▸ MATERIALS PROVIDED:

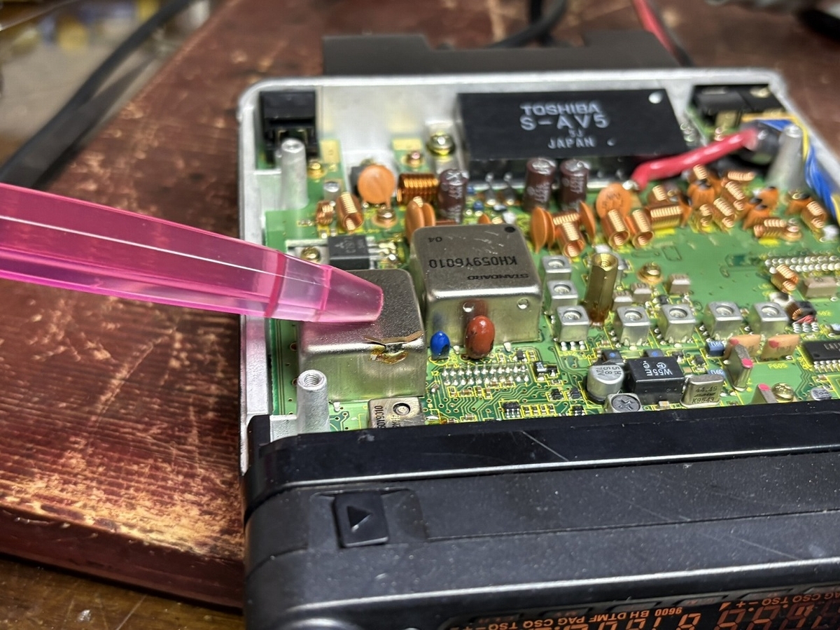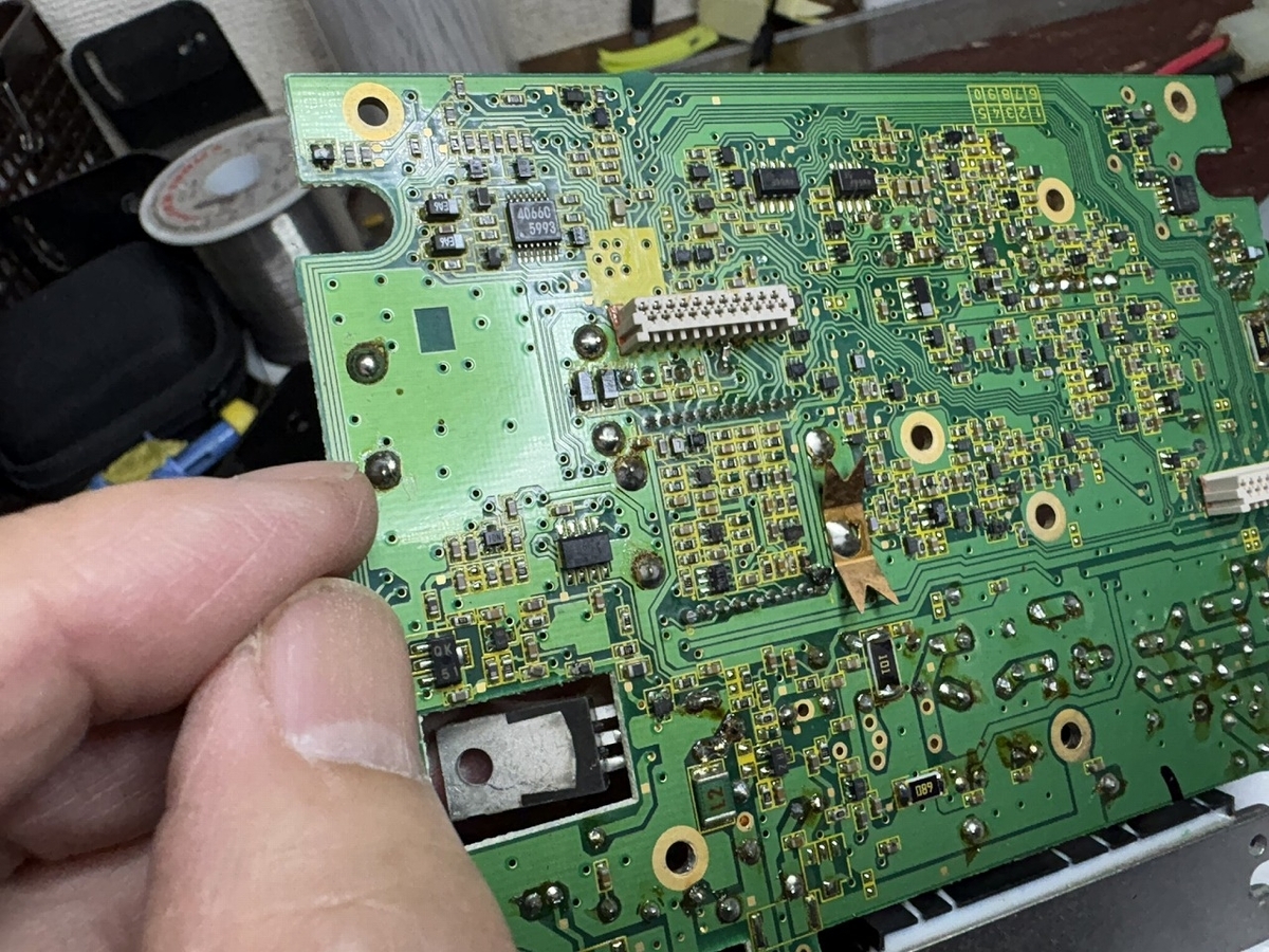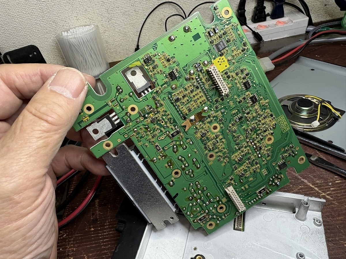 場所が特定出来ましたので、今度は基板を外し、基板上の金属ケースも外し、その中の原因を探します。
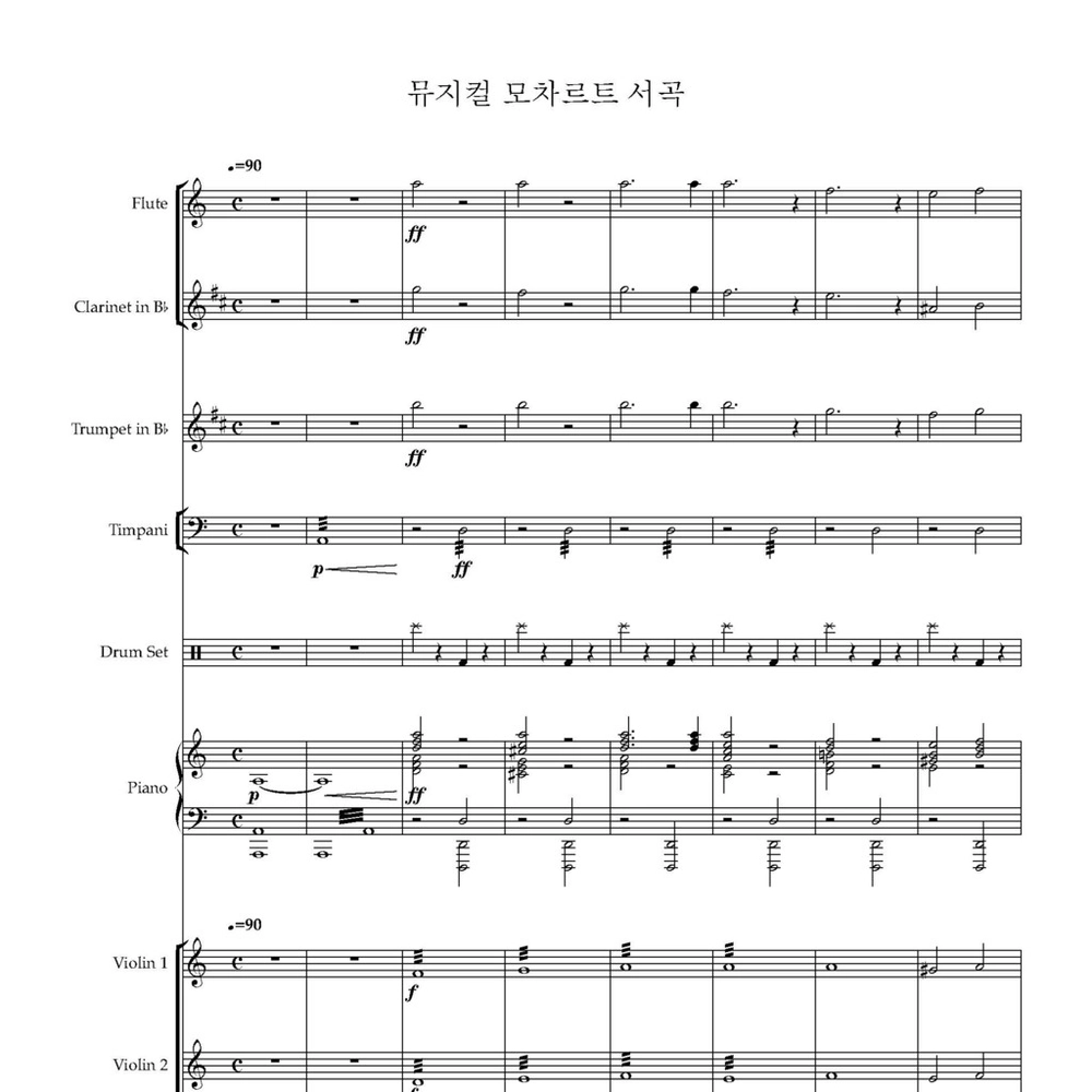 악기편성 : Fl / Cl in Bb / Tpt in Bb/ Timpani / Set Drum / Piano / Vn1,2,3 / Vc / Cb
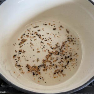 - Heat a pan or kadai and add the oil. When the oil is hot, add the panch phoron spice mix.
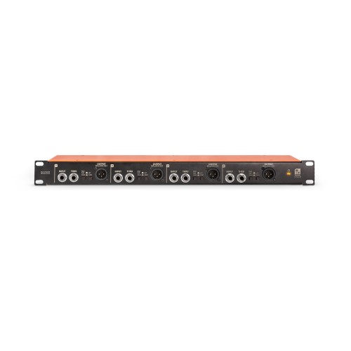 Each channel is equipped with a 6.3 mm jack input, a THRU-Out (for forwarding the input signals to an amplifier, for example), and two transformer-balanced XLR outputs - one at the front and one at the rear.
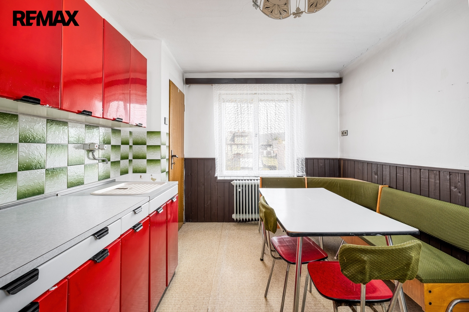 V prvním patře domu je vstupní chodba (veranda), hlavní chodba se vstupy do bytu a do zbývajících podlaží domu, prostorný obývací pokoj, další 2 samostatné pokoje, kuchyně a koupelna se sprchovým koutem, umyvadlem a WC. Tyto prostory byly v minulosti částečně rekonstruovány (koupelna, kuchyň).
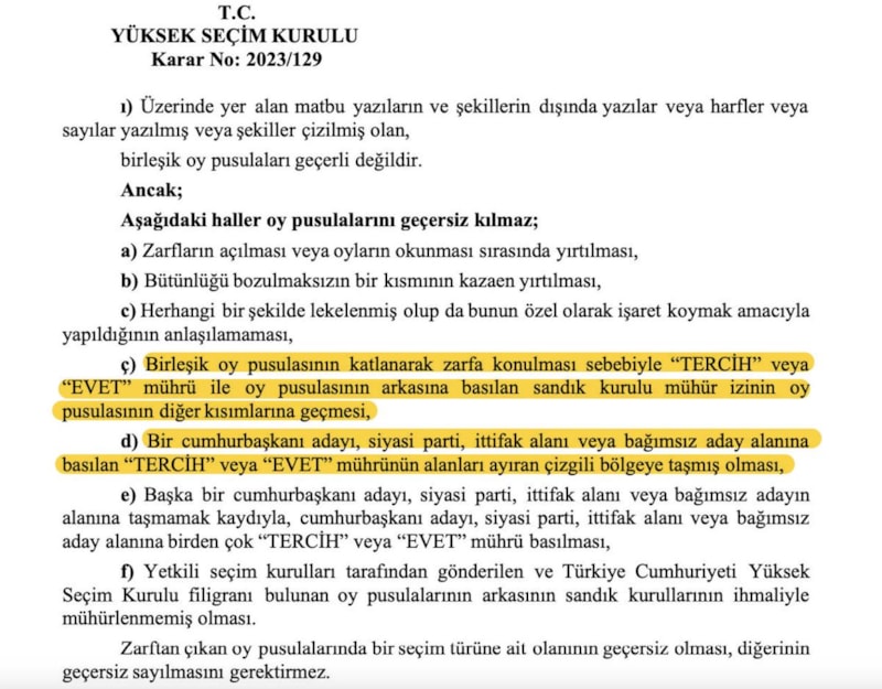 d) "Bir cumhurbaşkanı adayı, siyasi parti, ittifak alanı veya bağımsız aday alanına basılan "TERCİH" veya "EVET" mührünün alanları ayıran çizgili bölgeye taşmış olması" oy pusulalarını geçersiz kılmaz.

▸ TASK GOAL: Reproduce exactly and only the lines from the line that contains "Each channel is" to the end of the data above, both ends included. No pictures go in the copy.

▸ RESULT FOR THIS EXERCISE:
 Each channel is equipped with a 6.3 mm jack input, a THRU-Out (for forwarding the input signals to an amplifier, for example), and two transformer-balanced XLR outputs - one at the front and one at the rear.
 V prvním patře domu je vstupní chodba (veranda), hlavní chodba se vstupy do bytu a do zbývajících podlaží domu, prostorný obývací pokoj, další 2 samostatné pokoje, kuchyně a koupelna se sprchovým koutem, umyvadlem a WC. Tyto prostory byly v minulosti částečně rekonstruovány (koupelna, kuchyň).
 d) "Bir cumhurbaşkanı adayı, siyasi parti, ittifak alanı veya bağımsız aday alanına basılan "TERCİH" veya "EVET" mührünün alanları ayıran çizgili bölgeye taşmış olması" oy pusulalarını geçersiz kılmaz.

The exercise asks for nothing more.